Could the lines from the start of the data through the line with "With the current" be set down exactly, with no pictures among them?
....................
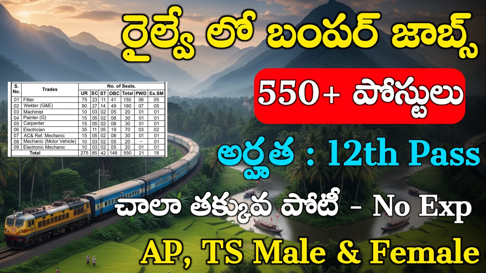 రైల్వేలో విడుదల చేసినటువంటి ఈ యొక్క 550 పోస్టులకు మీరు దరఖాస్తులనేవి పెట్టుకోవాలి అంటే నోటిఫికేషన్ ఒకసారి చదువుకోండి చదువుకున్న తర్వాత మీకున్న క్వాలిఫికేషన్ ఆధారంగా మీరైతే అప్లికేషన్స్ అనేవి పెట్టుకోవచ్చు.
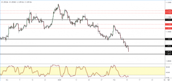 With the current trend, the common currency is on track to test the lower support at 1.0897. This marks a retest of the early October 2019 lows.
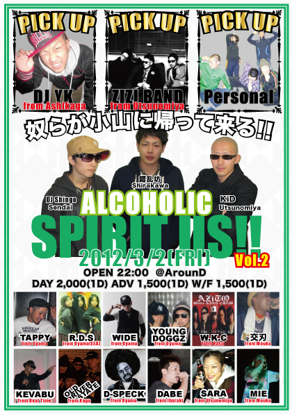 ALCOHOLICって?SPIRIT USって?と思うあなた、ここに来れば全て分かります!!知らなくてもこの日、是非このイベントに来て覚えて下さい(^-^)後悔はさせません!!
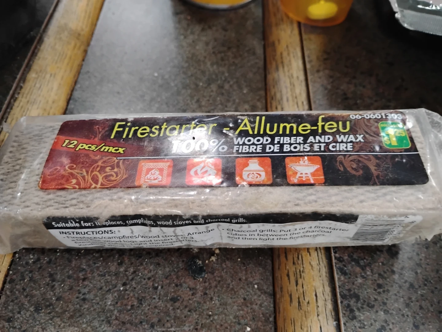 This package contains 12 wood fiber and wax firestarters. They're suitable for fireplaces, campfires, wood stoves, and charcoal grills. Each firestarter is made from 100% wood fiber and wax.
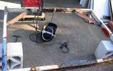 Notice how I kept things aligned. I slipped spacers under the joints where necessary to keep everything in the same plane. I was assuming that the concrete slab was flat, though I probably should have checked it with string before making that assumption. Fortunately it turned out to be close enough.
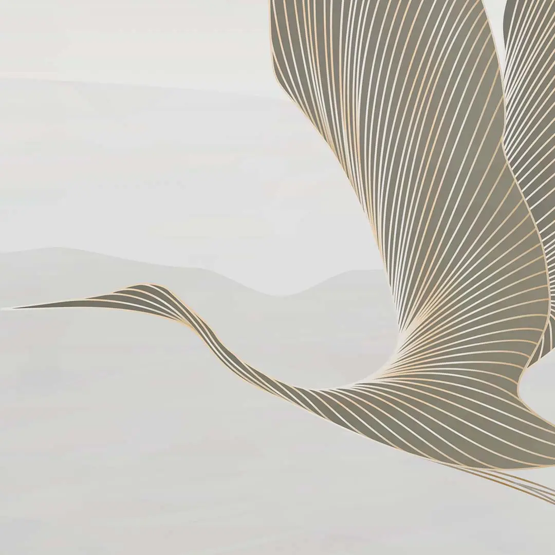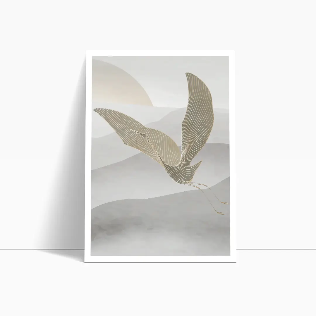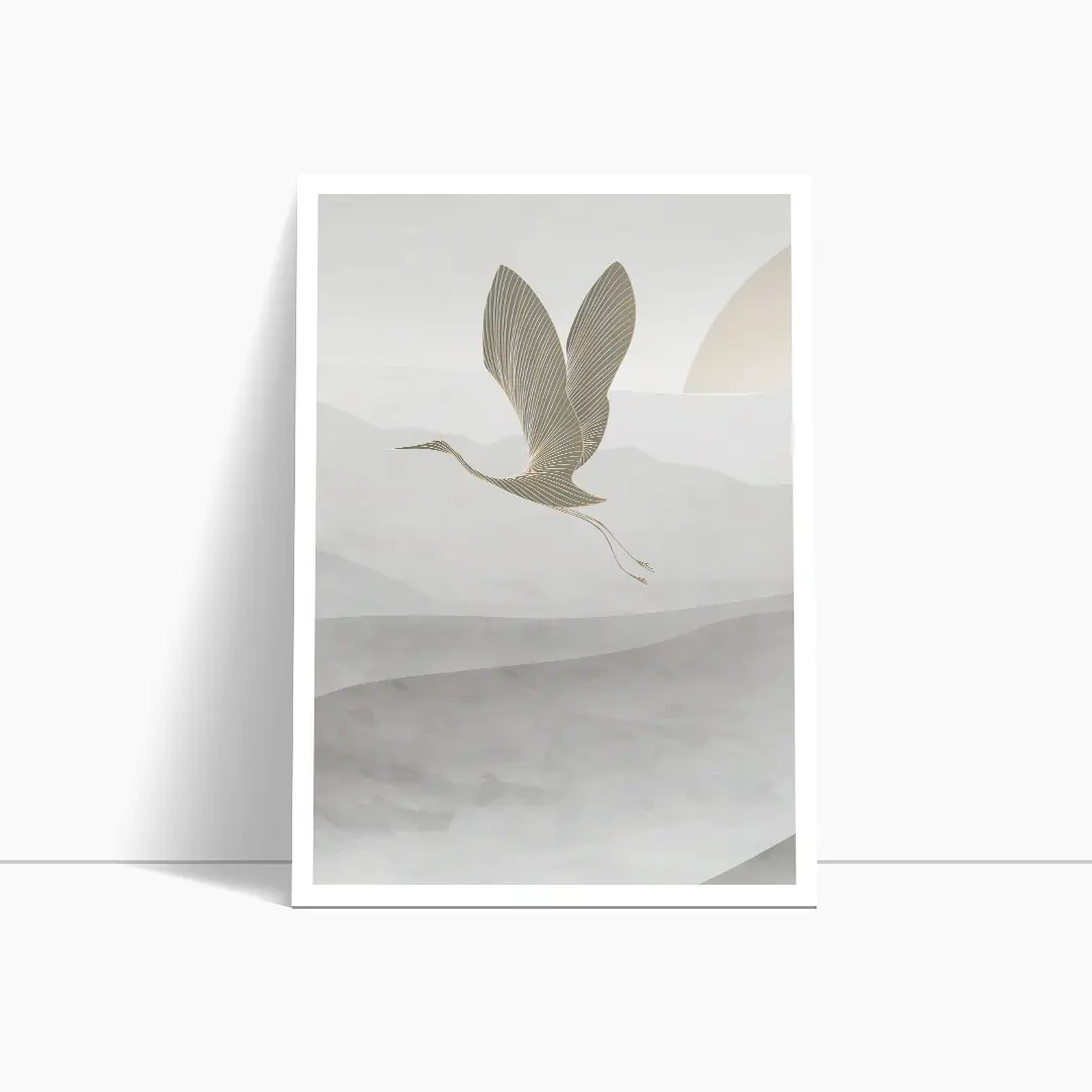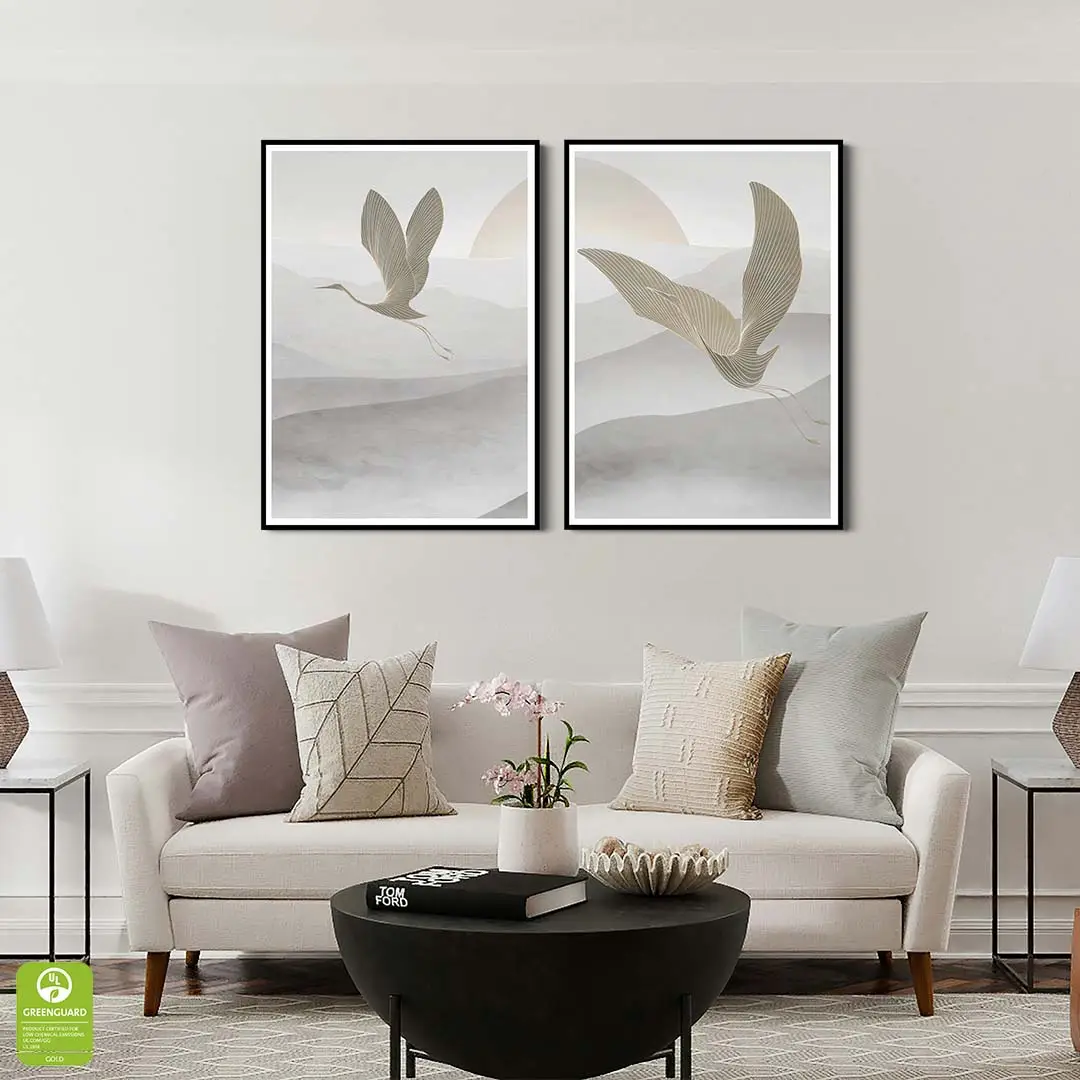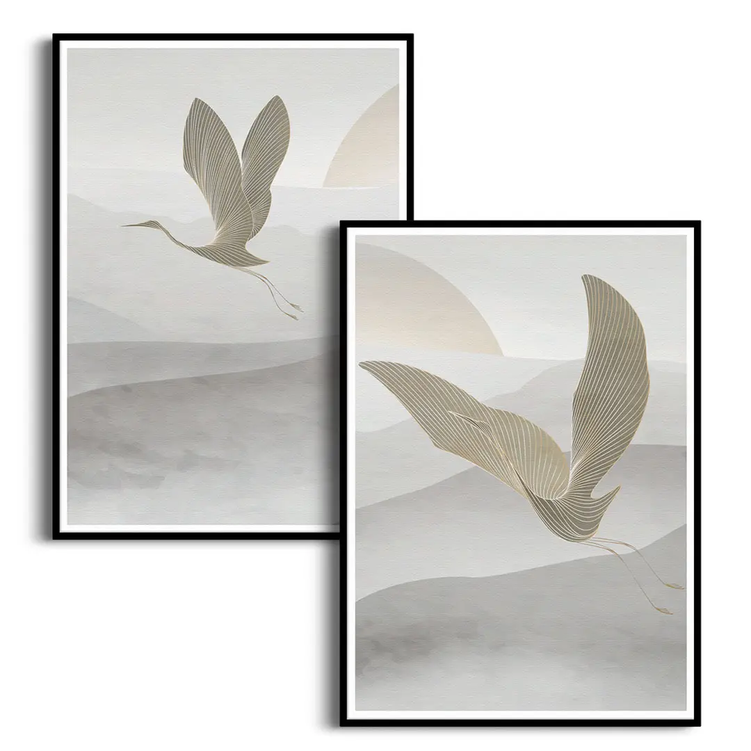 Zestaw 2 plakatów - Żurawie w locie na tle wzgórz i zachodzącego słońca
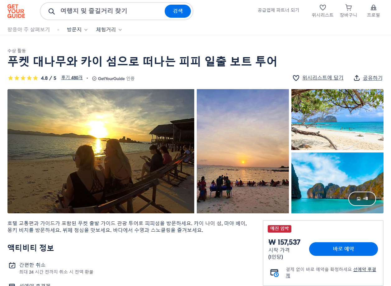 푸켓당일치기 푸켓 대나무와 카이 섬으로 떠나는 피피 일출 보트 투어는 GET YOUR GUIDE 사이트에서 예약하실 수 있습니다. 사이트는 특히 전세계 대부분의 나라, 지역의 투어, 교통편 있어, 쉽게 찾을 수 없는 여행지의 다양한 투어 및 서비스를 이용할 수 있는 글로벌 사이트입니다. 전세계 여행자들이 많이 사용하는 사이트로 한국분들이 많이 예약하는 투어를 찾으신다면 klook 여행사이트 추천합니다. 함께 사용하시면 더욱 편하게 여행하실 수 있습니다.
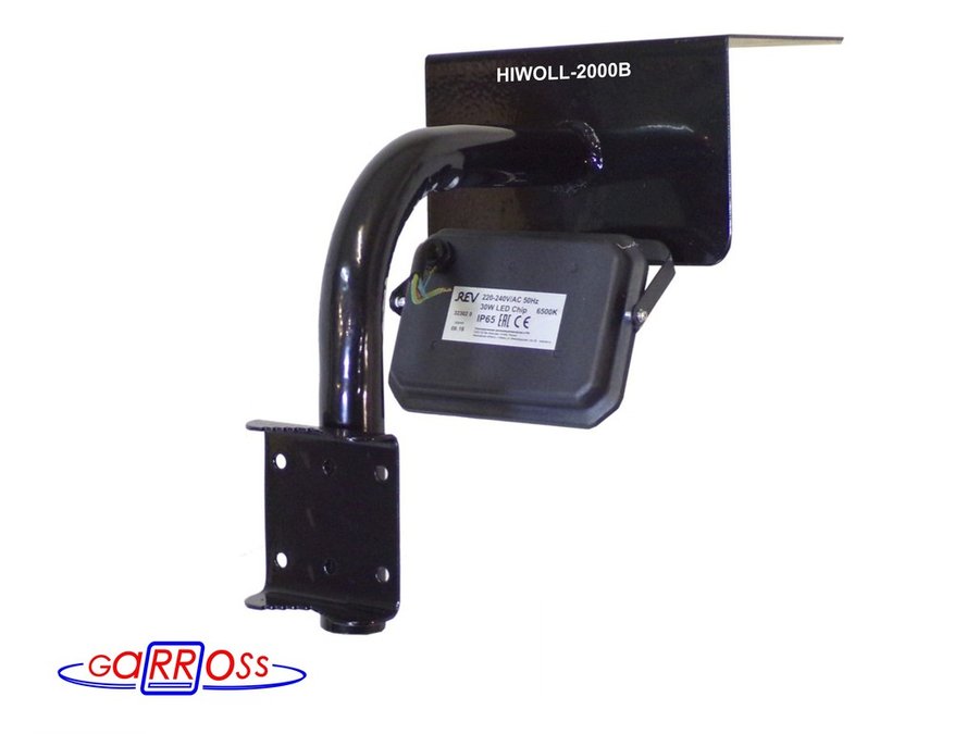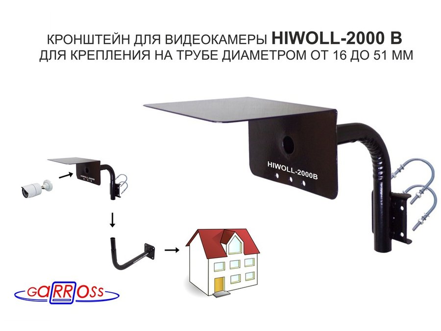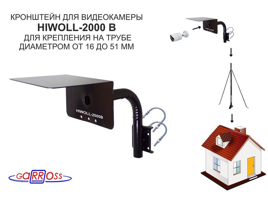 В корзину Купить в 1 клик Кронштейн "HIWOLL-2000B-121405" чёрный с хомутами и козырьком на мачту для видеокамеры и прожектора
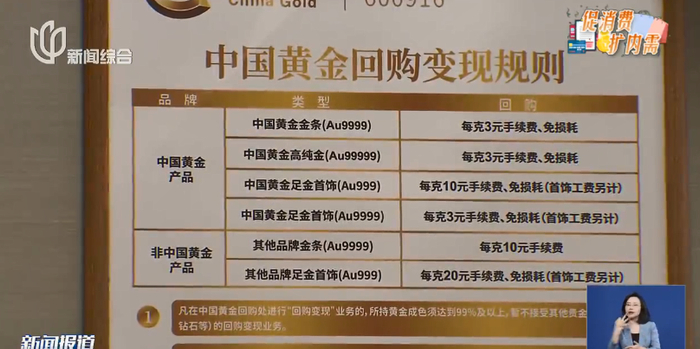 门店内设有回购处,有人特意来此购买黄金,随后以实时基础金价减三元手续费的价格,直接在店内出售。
....................
## [SOLUTION BELOW]
 రైల్వేలో విడుదల చేసినటువంటి ఈ యొక్క 550 పోస్టులకు మీరు దరఖాస్తులనేవి పెట్టుకోవాలి అంటే నోటిఫికేషన్ ఒకసారి చదువుకోండి చదువుకున్న తర్వాత మీకున్న క్వాలిఫికేషన్ ఆధారంగా మీరైతే అప్లికేషన్స్ అనేవి పెట్టుకోవచ్చు.
 With the current trend, the common currency is on track to test the lower support at 1.0897. This marks a retest of the early October 2019 lows.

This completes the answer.